AHHH it has been so long since I have posted! BUT for good reason, very, very good reason! I had guest in town this past weekend and I have been studying my face off for an upcoming exam! I wanted to post every night about my weekend and thought about it at the end of the night in a drunken state of mind but quickly realized I was not in the right state of mind to be on my blog.
Needless to say, I made memories this past weekend with my best friend and countless other people that I will never forget. I used to go out OFTEN when I lived in Ohio, so much so that it became a routine for me. People downtown expected to see me out and they expected me to be drunk, it became my identity. One that I was not very proud of. I don’t do that here in Florida, and it is not a name I have made for myself. Maturing is so fun! So having someone I love and care about to turn up and join me in my new home was exciting!
Over the weekend, I had a few encounters and a few random thoughts that I wanted to express but somehow couldn’t find the words in the moment to say them. I knew though that my blog would be the best place to share them. So I will start tonight, with one of those thoughts.
One of these thoughts was how much I never realized how we as women see ourselves. We want to have the best curves and the all the desired attributes that we see on social media and in the gym but we never take time to appreciate where we are and how far we have come. Our bodies take a beating everyday, we are constantly walking, sitting, standing, going into the sun, doing anything and everything but rarely do we tell ourselves,” Hey today you deserve a massage”, or “you know what today its okay to lay around and just do nothing.” We also don’t appreciate ourselves when we are not at our best and that can take away from our happiness in the moment.
Sometimes, we find ourselves not being in the best shape we have ever been in or not hitting the gym as hard as we used to and then we start to discredit our current efforts or our current situation. Such a negative way of looking at things, and if we do try to give ourselves credit, I find sometimes we are comparing ourselves to this “other” person, “well at least I don’t look like this or like that.” And, lets be honest thats not fair either. Why can’t we just be okay with who we are and where we are.
I know all weekend as I was trying to put my body into tight dresses and crop tops I kept talking about my stomach. I have never been happy with my belly and always find a way to bring myself down. I started to think today of ways I could crawl out of this hole of self-misery and really be happy with myself. Lets be honest, if I don’t love my stomach and its current situation how can I be okay with someone else telling me I look fine. People can tell us all day we look okay or that we are fine, but if we don’t believe it then we will forever bring ourselves down.
Its okay if we look more bloated one day than we did the other day, or our thighs are a little thicker than they used to be, or even a little smaller than last year.
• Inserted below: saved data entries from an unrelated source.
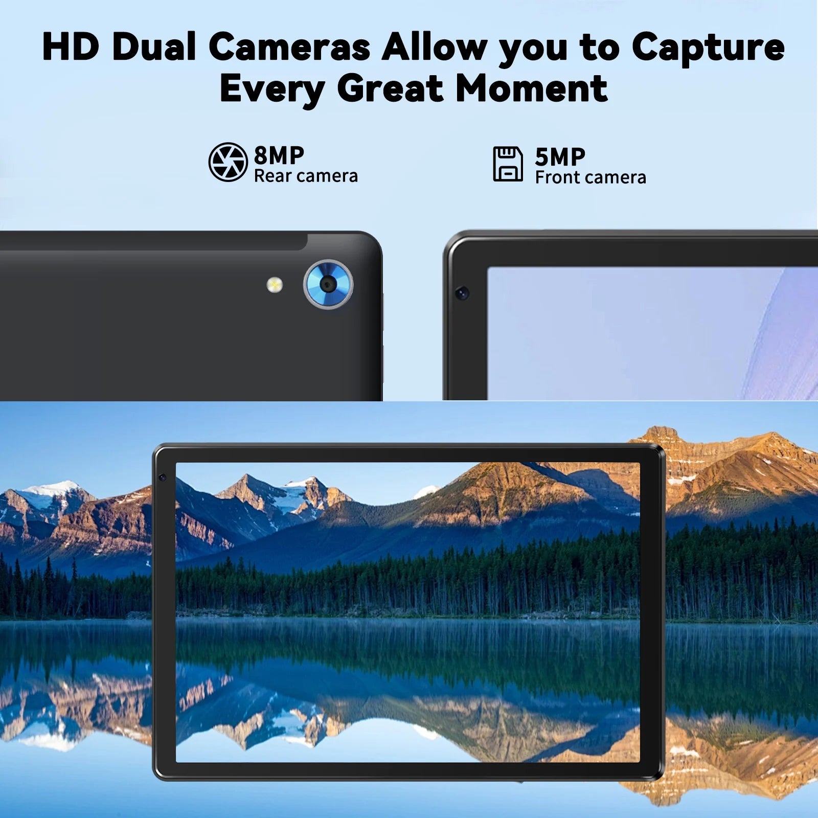 【5000mAh Large Battery】5000mAh large battery with long-lasting battery life, standby up to 10 hours, accompanying you from day to night, allowing you to read, browse the web, watch videos and listen to music easily at home, while traveling or on business trips, and can be charged easily via USB Type-C port. The home tablet supports 2.4G dual-band WiFi, with faster transmission speed and more stable connection.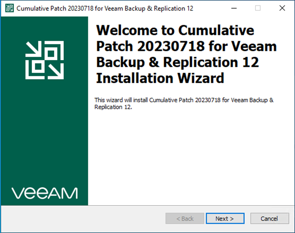 10. On the Welcome to cumulative patch P20230718 for Veeam Backup & Replication 12 Installation Wizard page and click Next.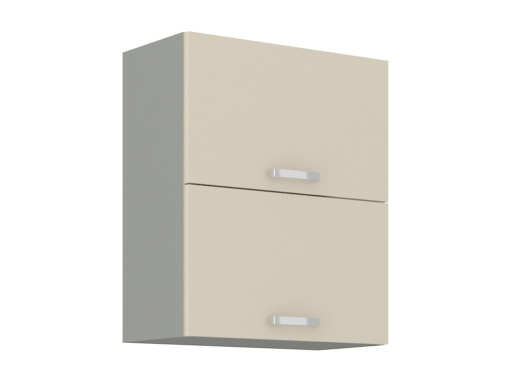 Horní výklopná skříňka dvojitá KARMEN vyrobená z kvalitního lamina a MDF. Korpus je v barvě šedá a dvířka v barvě karmen krémová v lesku. Rozměry skříňky - šířka 60 cm, výška 71,5 cm, hloubka 31 cm. Úchyty jsou z kovu. Dvířka jsou pomocí plynových pístů otvíraná nahoru. V naší nabídce naleznete další výběr skříněk k sestavení celé kuchyně.Doplňkové parametry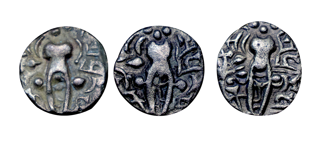 Post-Gupta, Karkotas of Kashmir, Pratapaditya (c. 7th-8th Cent. AD), Based Gold Dinar (3pcs), 7.22g, 6.80g, 6.93g, OBV: Kushan-style king standing facing, sacrificing at altar at left, Late Brahmi legend ‘Kidara’ under arm, REV: Ardoxsho enthroned facing, Brahmi legend ‘Sri Pratapa’ at right field. (Mitch # ACW 3638). Fine.

I had to take time today to write down what I have been through in the past year to appreciate myself in the now. After taking a look at it, I moved to a new state, made new friends, continued grad school, continue to work a pretty rough schedule, try to make time to study, try to have a social life, try to write in a blog as often as possible, I try to read before bed, I try to go to the gym as often as possible and many other things. Thats a lot of things, and a few have already been crossed off my list. I graduated, my schedule will change after I pass my exam so I won’t have to study anymore either and my gym routine will go back to a normal flow. LOOK AT ALL OF THOSE THINGS THAT WILL COME TOGHER!
The relief of knowing that all of my handwork, dedication and effort will soon pay off is beyond amazing.
Where we are right now is only temporary if we put ourselves in a position to create a change. Change does not happen over night, and it takes time and effort to get where we want to be, but when we get there we can look back and say man I made it! I went through all of that to get where I am now. Life is about adapting, overcoming and being okay with these fluctuations. Its hard to adapt and overcome though when we are constantly bringing ourselves down. The world already does that to us enough, lets not add ourselves to the list of people who can bring us down.
Could you imagine if we obsessed abut the things we loved about ourselves.